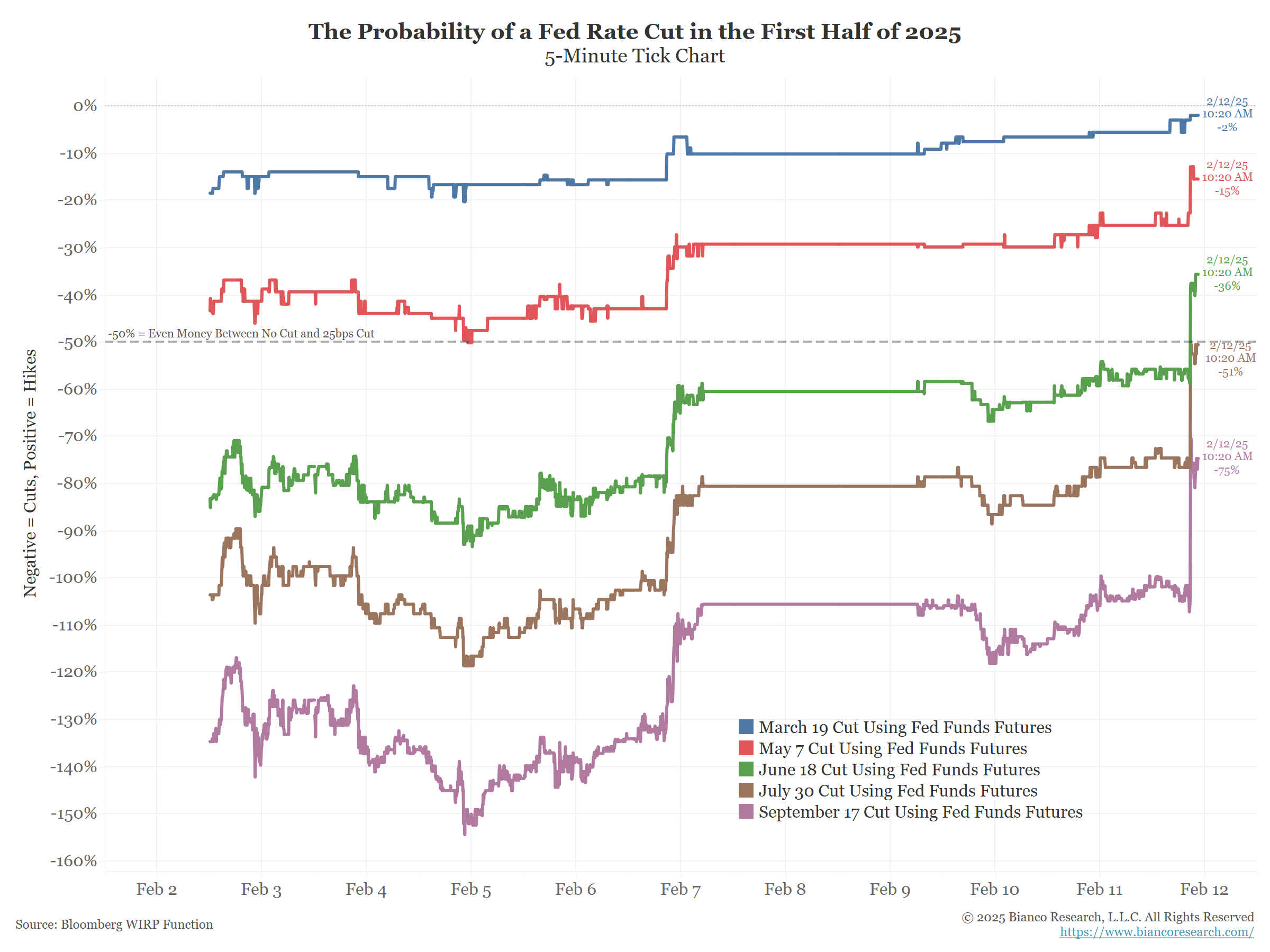 - After a stronger-than-expected CPI today at 3.0% YoY, stay tuned for PPI which will be released tomorrow, Thursday (2/13/25) at 8:30am EST
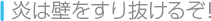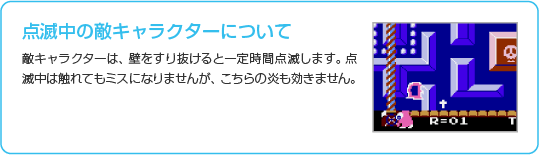 タマゴンが吐いた炎は壁をすり抜けるため、壁の向こうにいる敵も攻撃できます。ステージを進むうえで、覚えておくと便利です。 |
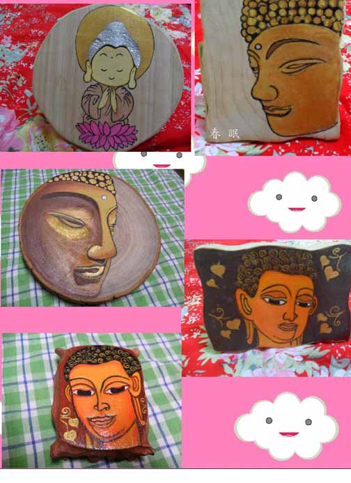 最近迷上檜木彩繪 , 其中 有一個橢圓形是前陣子去三義木雕街看到切割好的樟木 , 買回來畫成佛像 ,感覺還滿不錯 ,只是木頭會有不同色紋理,上起色會比較不均勻,有一塊四邊不規則的木頭是在天津洋貨市場挑到的 最近又託朋友幫我切割好幾塊相似檜木木頭 , 考慮畫成蓮花或荷花甚麼. 這些檜木或樟木都有著淡淡木頭香,盡量保留原木原色和香味 ,畫完還滿有成就感的.
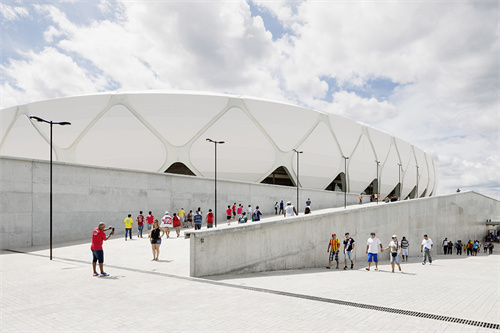 體育場頂棚是半開放式的PTFE膜結構,純白的顏色和獨特的造型引人注目,頂棚可遮蓋所有的席位,使游客坐在席位上觀看比賽免受日曬雨淋。
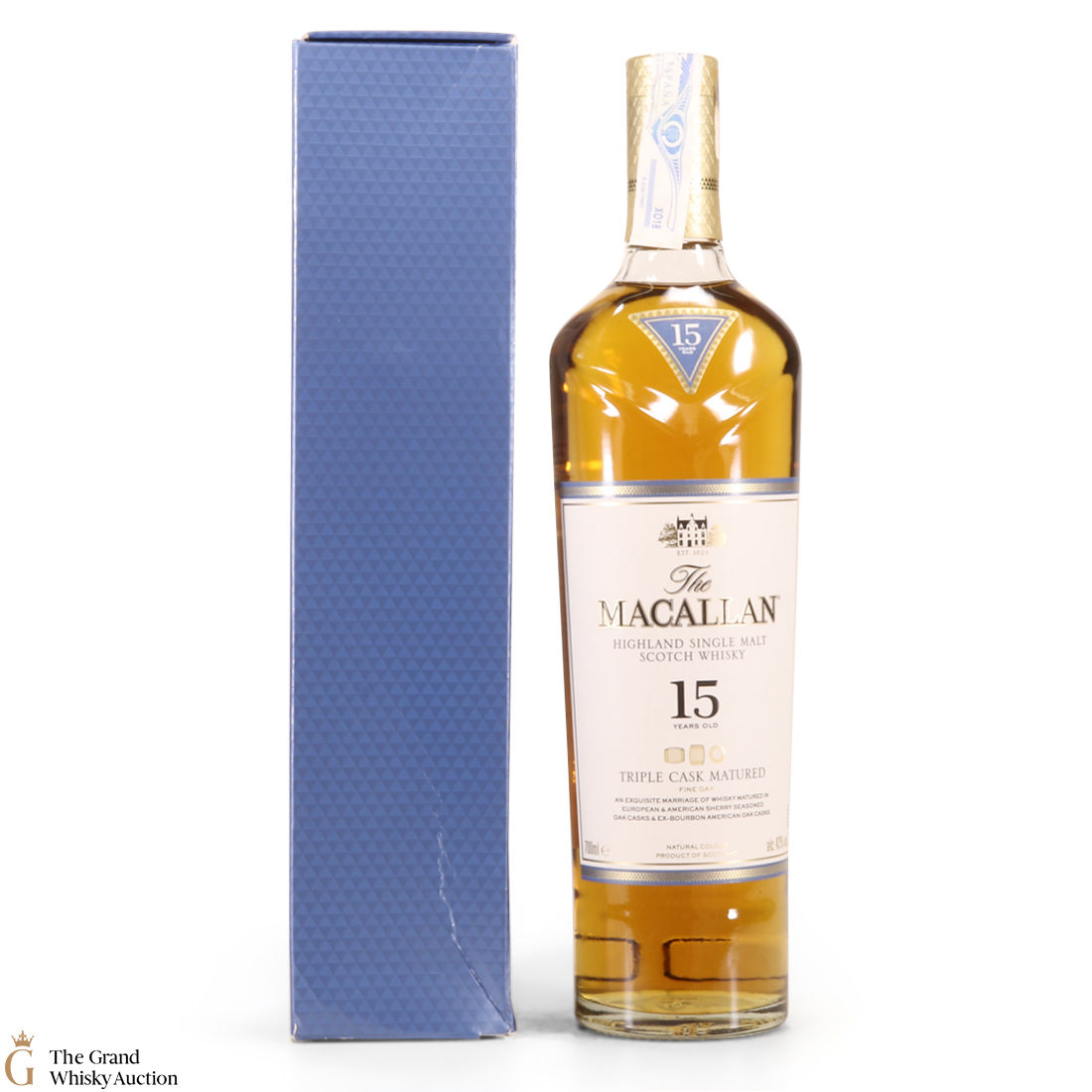 This 15-year-old Macallan single malt was is part of the Triple Cask range (which was brought out to replace the Fine Oak range in 2018). This whisky has been matured for 15 years in a combination of European sherry seasoned casks, American sherry seasoned casks and American ex-bourbon casks.
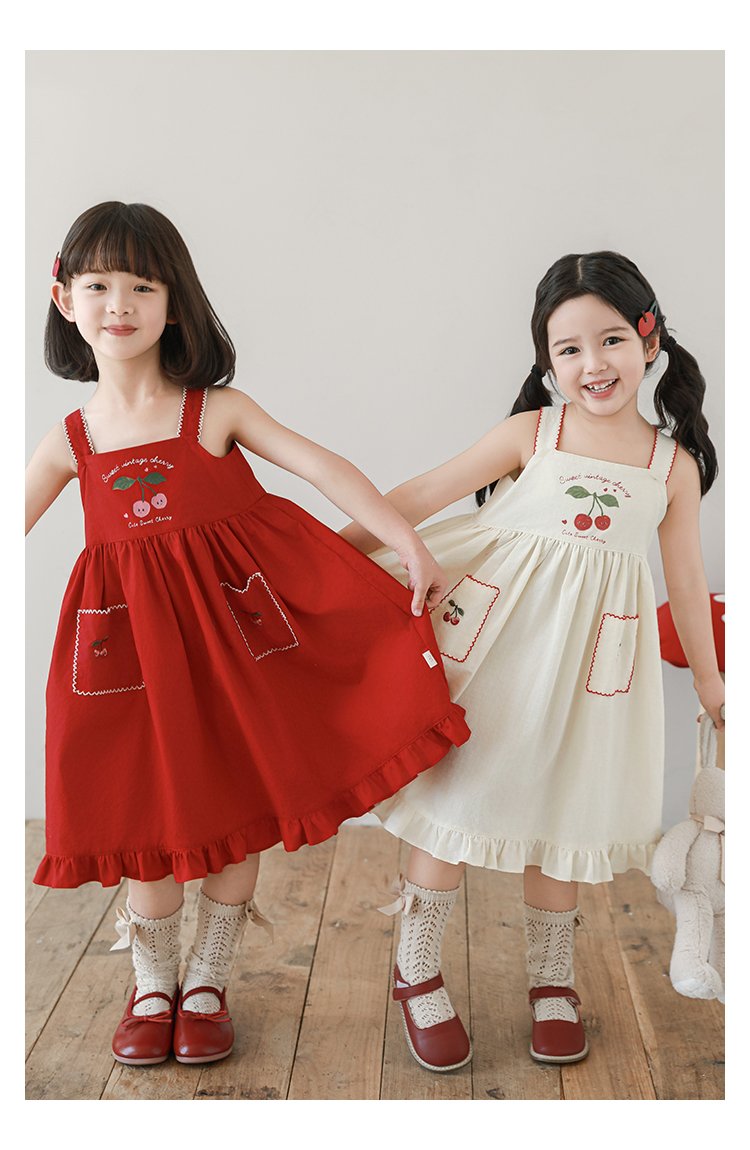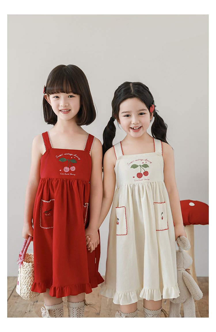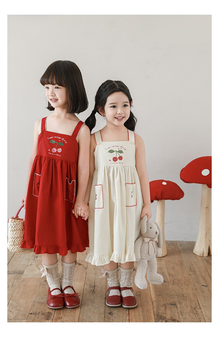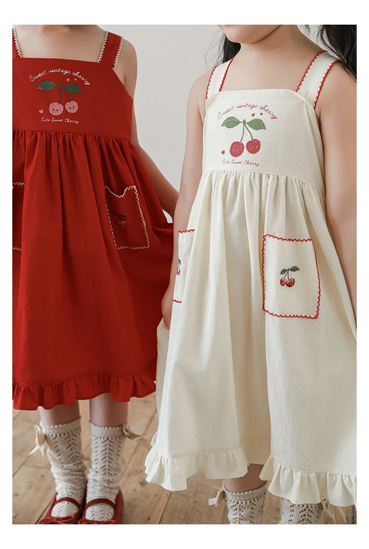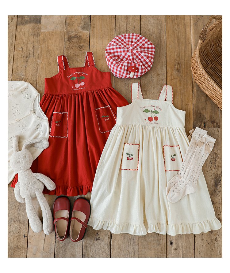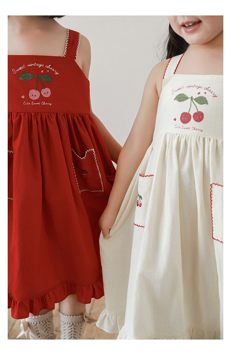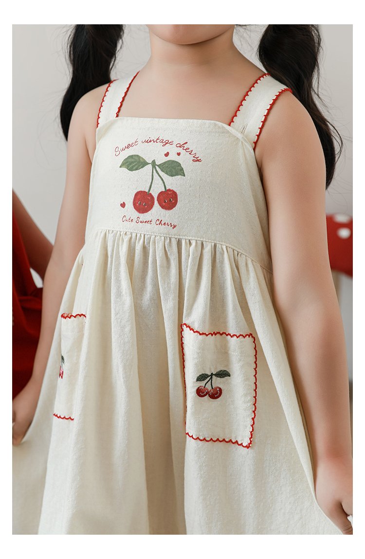 HomeShop -01For babyKidswearEmbroidery Cherries Beige Summer Dress
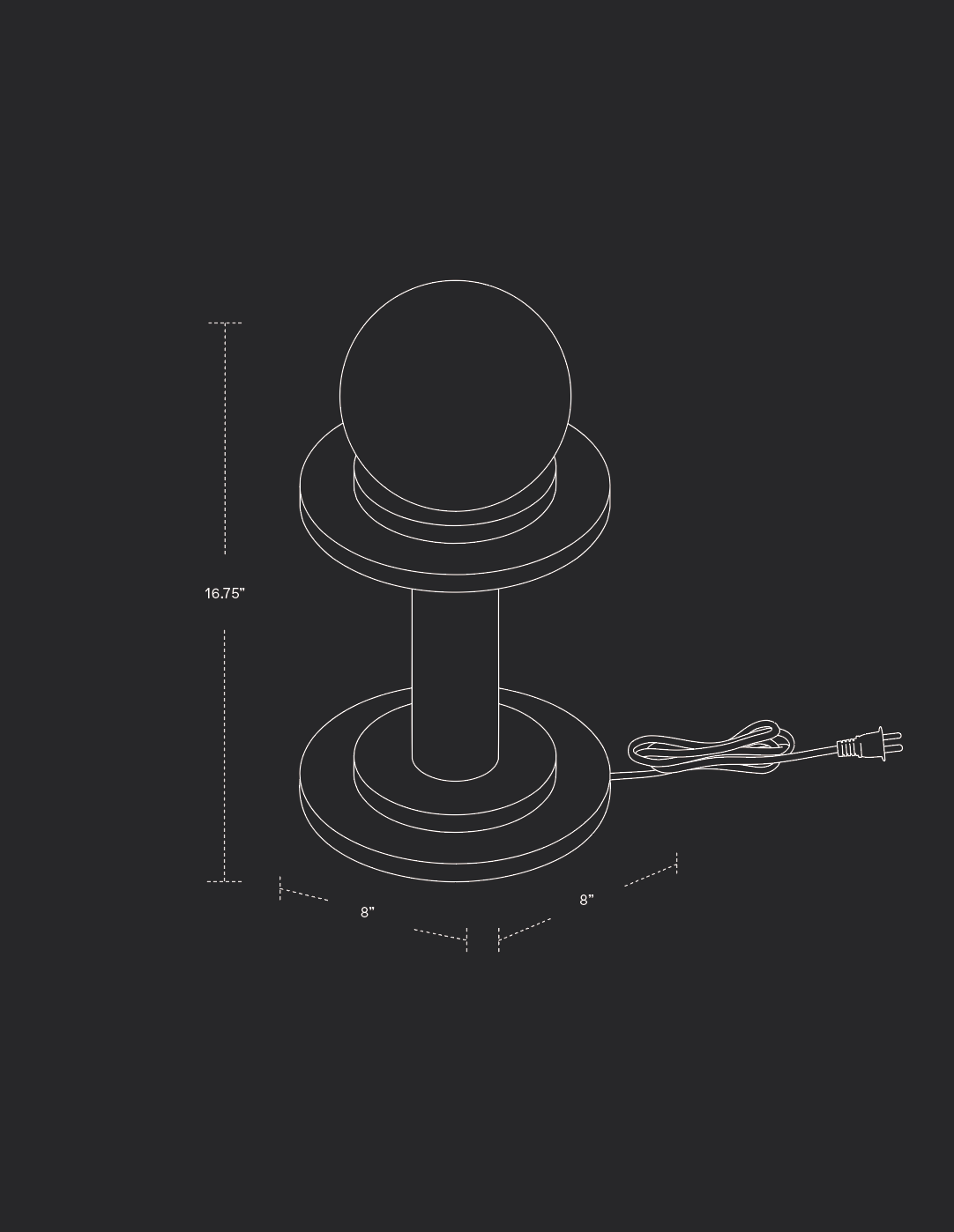 Lacquer Paint over MDF or Euro-ply, handblown glass globe and US-made cloth-covered wire.
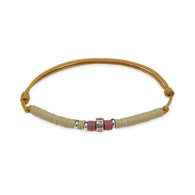 Pulsera PLATA DE PALO ajustable en nylon color mostaza, ideal para uso diario. Con detalles en beige y rosa y un elemento central metálico, combina elegancia y comodidad. Perfecta para adultos que buscan accesorios discretos y sofisticados para su estilo cotidiano.
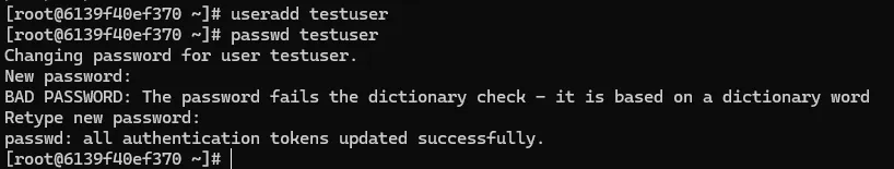 - 첫 유저 생성에는 BAD PASSWORD라고 8자이상, 보안에 취약한 비밀번호이면 경고를 출력하긴 하지만
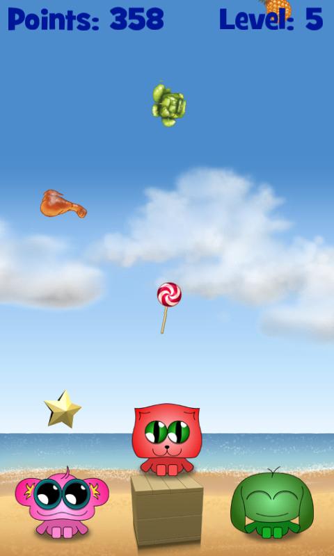 To play, position each item over the right Gulpy, and watch him gulp it down. Special items are there to stir things up. When a Gulpy has had the wrong food he'll loose a life and a crate will get placed where he was standing. If the crate pile reaches the top of the game screen, the game ends.
..............................
WHAT THE TASK ASKS :: I would like the exact lines from the data above, starting with the one that holds "最近迷上檜木彩繪 , 其中" and going on through the one that holds "體育場頂棚是半開放式的PTF", without the pictures.

RESPONSE TO THIS EXERCISE ::
 最近迷上檜木彩繪 , 其中 有一個橢圓形是前陣子去三義木雕街看到切割好的樟木 , 買回來畫成佛像 ,感覺還滿不錯 ,只是木頭會有不同色紋理,上起色會比較不均勻,有一塊四邊不規則的木頭是在天津洋貨市場挑到的 最近又託朋友幫我切割好幾塊相似檜木木頭 , 考慮畫成蓮花或荷花甚麼. 這些檜木或樟木都有著淡淡木頭香,盡量保留原木原色和香味 ,畫完還滿有成就感的.
 體育場頂棚是半開放式的PTFE膜結構,純白的顏色和獨特的造型引人注目,頂棚可遮蓋所有的席位,使游客坐在席位上觀看比賽免受日曬雨淋。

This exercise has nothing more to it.